Required work ->
Using the data below, return every line that holds the word "natural".

Records to process ->
□ □ □ □ □
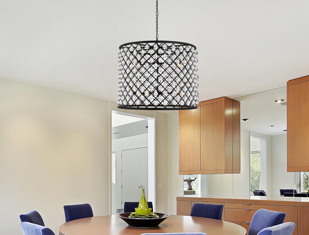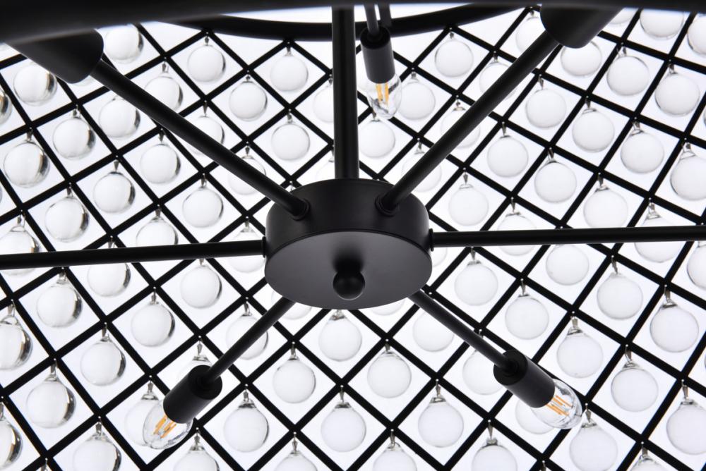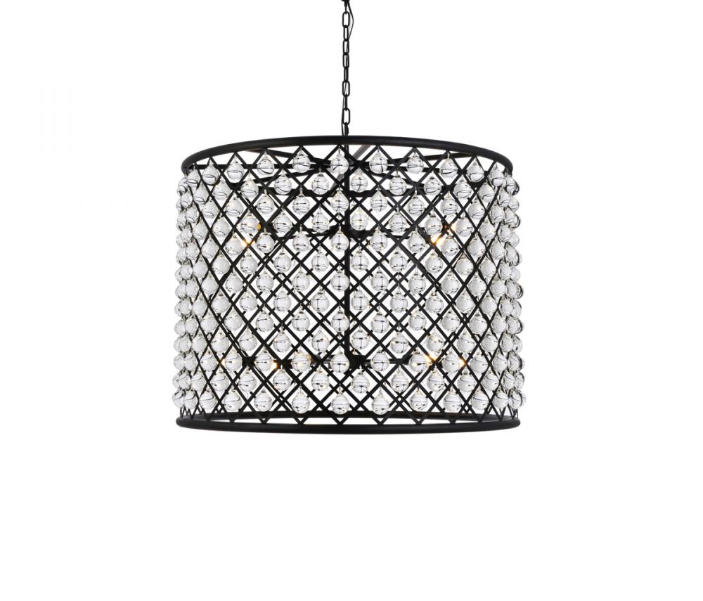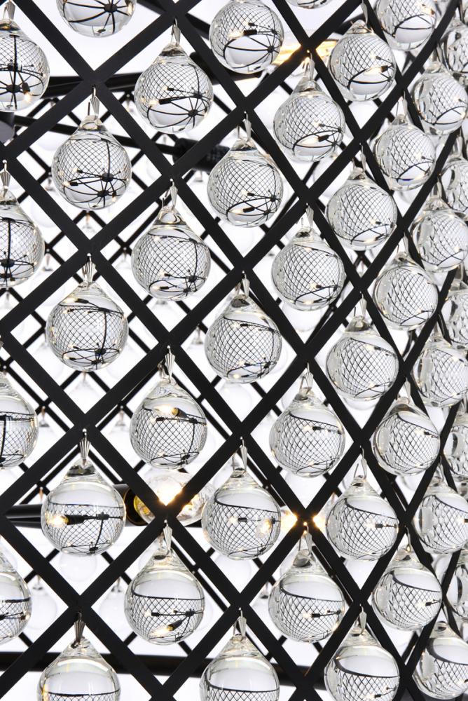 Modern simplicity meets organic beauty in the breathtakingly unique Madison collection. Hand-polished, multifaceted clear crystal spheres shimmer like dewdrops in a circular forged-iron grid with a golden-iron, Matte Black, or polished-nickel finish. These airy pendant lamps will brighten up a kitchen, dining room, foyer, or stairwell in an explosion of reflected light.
□ □ □ □ □
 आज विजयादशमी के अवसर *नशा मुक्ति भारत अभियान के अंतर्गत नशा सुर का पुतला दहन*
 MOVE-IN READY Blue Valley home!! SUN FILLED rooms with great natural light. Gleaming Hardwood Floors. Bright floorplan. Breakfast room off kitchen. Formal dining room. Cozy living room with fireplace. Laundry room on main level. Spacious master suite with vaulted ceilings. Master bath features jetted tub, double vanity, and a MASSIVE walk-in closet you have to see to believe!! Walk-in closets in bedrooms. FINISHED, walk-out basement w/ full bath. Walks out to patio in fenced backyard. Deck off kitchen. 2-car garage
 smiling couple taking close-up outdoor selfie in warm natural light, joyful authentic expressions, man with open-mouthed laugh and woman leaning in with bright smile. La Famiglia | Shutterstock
□ □ □ □ □
Reply ->
 MOVE-IN READY Blue Valley home!! SUN FILLED rooms with great natural light. Gleaming Hardwood Floors. Bright floorplan. Breakfast room off kitchen. Formal dining room. Cozy living room with fireplace. Laundry room on main level. Spacious master suite with vaulted ceilings. Master bath features jetted tub, double vanity, and a MASSIVE walk-in closet you have to see to believe!! Walk-in closets in bedrooms. FINISHED, walk-out basement w/ full bath. Walks out to patio in fenced backyard. Deck off kitchen. 2-car garage
 smiling couple taking close-up outdoor selfie in warm natural light, joyful authentic expressions, man with open-mouthed laugh and woman leaning in with bright smile. La Famiglia | Shutterstock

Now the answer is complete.